Roy Kaelin (B.S., Geology, University of Illinois at Urbana-Champaign, 1978; M.B.A., Iowa State University, 1984) brings to The Cleveland Museum of Natural History (CMNH) a background of teaching astronomy and other natural sciences at Loyola and DePaul universities and valuable administrative and sky-show experience from his years at Chicago's Adler Planetarium.
As Manager of Astronomy Education at CMNH, Roy joined the Astronomy Department at the start of 2007 to head up efforts to augment its educational offerings in astronomy, to enhance the production of sky shows presented at its Shafran Planetarium, and to establish a steady program of observation and imaging from its Mueller Observatory. Roy also conducts an astronomy seminar at Case Western Reserve University.

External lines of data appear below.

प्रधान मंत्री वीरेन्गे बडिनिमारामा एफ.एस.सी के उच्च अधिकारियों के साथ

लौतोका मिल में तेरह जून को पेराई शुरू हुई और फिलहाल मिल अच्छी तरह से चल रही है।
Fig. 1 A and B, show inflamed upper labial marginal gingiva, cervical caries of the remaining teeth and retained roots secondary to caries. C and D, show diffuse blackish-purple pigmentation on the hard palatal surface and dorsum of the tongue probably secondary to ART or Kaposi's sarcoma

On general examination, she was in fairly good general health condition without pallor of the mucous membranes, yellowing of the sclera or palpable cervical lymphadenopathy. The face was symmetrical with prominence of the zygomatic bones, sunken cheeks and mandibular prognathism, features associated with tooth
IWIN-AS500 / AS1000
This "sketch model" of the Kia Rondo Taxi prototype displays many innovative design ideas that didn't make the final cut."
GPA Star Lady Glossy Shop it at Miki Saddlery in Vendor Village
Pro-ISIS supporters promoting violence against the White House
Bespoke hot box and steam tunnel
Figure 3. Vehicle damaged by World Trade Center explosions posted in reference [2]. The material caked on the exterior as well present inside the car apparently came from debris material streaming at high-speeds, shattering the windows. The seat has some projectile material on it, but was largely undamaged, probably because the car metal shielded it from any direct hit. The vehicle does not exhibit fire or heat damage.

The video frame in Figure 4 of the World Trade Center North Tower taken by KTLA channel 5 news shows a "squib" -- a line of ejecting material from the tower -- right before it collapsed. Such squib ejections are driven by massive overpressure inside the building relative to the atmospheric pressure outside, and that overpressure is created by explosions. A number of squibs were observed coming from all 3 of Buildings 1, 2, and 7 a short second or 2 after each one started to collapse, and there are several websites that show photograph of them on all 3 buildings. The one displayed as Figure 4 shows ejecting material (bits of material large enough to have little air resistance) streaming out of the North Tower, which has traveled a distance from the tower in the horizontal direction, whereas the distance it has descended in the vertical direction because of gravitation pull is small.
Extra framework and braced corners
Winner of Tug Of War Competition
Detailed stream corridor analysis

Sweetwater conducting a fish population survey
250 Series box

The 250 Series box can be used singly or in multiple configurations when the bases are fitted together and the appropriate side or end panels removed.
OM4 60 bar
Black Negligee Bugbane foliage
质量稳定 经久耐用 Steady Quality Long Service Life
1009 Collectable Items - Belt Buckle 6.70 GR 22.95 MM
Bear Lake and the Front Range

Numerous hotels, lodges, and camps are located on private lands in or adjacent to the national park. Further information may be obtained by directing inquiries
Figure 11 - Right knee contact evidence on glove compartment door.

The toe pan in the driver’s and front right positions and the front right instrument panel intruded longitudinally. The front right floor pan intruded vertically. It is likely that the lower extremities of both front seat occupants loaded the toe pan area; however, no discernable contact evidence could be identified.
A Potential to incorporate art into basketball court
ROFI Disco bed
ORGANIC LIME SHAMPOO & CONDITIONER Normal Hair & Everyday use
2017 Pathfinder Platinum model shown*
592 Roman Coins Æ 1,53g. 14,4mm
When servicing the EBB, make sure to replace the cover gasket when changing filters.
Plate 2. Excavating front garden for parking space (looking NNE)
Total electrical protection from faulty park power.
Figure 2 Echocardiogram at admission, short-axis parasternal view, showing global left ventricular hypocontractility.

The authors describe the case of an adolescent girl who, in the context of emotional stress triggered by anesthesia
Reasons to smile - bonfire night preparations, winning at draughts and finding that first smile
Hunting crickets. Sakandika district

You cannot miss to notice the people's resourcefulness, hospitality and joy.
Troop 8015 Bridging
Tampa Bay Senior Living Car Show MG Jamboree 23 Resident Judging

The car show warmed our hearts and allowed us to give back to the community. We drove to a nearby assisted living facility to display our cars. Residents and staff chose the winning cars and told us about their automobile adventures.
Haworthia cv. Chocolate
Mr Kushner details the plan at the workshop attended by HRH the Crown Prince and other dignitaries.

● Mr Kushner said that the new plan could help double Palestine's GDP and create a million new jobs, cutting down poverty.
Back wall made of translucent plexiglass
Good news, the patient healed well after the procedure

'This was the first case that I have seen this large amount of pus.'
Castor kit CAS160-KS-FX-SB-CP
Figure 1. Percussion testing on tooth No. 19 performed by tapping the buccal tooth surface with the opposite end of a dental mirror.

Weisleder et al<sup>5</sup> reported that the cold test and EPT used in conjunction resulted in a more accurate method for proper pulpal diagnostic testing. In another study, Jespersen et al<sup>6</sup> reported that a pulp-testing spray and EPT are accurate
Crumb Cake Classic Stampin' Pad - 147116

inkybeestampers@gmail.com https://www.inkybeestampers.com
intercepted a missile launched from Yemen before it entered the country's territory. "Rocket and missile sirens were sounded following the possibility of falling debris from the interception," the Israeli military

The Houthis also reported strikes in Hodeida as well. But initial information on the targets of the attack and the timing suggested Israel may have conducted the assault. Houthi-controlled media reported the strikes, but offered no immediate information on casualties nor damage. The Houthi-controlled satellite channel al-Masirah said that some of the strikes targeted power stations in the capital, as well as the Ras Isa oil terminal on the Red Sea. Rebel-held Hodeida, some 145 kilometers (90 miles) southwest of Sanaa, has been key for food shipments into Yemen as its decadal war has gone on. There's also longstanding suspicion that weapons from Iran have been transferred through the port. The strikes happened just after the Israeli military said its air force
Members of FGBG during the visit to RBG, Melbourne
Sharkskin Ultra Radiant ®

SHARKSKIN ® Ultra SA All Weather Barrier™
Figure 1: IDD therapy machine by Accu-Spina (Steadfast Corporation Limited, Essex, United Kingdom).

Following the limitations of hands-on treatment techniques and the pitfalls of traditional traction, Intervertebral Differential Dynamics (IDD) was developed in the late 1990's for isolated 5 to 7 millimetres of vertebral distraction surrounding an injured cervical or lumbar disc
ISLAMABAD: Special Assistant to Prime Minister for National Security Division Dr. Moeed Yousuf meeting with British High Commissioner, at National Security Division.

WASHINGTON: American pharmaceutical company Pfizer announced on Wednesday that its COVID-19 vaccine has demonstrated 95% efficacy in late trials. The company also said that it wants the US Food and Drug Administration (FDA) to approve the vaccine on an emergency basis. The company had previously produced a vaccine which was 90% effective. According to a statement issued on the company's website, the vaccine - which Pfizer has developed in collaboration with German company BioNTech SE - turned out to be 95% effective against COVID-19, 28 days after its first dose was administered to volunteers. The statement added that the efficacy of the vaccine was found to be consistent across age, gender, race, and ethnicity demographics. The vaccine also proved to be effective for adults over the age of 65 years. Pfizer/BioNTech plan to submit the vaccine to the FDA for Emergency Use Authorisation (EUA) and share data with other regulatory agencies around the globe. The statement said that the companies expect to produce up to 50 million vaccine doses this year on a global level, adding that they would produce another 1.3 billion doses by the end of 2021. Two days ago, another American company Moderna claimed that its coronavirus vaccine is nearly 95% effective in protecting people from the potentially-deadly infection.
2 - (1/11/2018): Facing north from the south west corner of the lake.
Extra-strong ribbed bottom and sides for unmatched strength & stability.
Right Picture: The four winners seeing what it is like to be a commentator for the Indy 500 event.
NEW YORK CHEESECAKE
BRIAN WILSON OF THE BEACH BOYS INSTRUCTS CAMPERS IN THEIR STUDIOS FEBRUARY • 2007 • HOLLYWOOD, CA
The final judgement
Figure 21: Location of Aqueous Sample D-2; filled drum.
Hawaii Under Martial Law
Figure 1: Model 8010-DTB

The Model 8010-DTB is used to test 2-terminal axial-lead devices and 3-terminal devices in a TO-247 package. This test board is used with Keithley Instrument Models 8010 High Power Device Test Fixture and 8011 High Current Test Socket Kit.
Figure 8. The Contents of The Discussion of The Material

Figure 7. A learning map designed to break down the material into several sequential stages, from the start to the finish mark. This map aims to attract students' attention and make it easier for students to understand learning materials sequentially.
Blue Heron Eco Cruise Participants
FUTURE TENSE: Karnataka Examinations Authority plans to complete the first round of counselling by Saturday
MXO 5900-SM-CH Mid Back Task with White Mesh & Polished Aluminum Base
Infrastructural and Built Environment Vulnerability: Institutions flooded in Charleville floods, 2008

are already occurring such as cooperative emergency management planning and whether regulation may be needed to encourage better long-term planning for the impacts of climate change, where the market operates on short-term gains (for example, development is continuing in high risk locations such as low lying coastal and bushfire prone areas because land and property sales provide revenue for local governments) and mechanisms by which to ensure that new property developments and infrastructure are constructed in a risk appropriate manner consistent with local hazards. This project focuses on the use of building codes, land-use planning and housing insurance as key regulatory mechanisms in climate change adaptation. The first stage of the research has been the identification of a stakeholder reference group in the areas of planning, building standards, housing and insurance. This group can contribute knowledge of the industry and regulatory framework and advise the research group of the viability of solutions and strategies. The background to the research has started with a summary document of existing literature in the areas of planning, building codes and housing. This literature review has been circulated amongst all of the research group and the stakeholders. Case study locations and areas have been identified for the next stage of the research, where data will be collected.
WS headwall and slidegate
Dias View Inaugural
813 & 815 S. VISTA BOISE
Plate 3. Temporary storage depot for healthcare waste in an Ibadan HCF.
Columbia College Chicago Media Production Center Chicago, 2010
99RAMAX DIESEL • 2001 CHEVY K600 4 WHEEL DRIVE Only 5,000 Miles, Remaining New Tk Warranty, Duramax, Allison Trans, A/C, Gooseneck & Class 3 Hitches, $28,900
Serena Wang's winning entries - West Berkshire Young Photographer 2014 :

Roy is an active member and an elected Fellow of the Great Lakes Planetarium Association, a member of the Cleveland Regional Association of Planetariums, a member of the governing board of the Cleveland Astronomical Society, and is also a sustaining member of the Association of Lunar and Planetary Observers.
A native of Illinois, Roy enjoys encouraging his astronomy students to appreciate the splendors of the night sky from Midwestern locales. Too, he's written popular and scientific articles on observational astronomy, telescope construction, and planet classification. He is also the author of The Star Machine and Other Tales, a collection of science fiction stories released in 2005.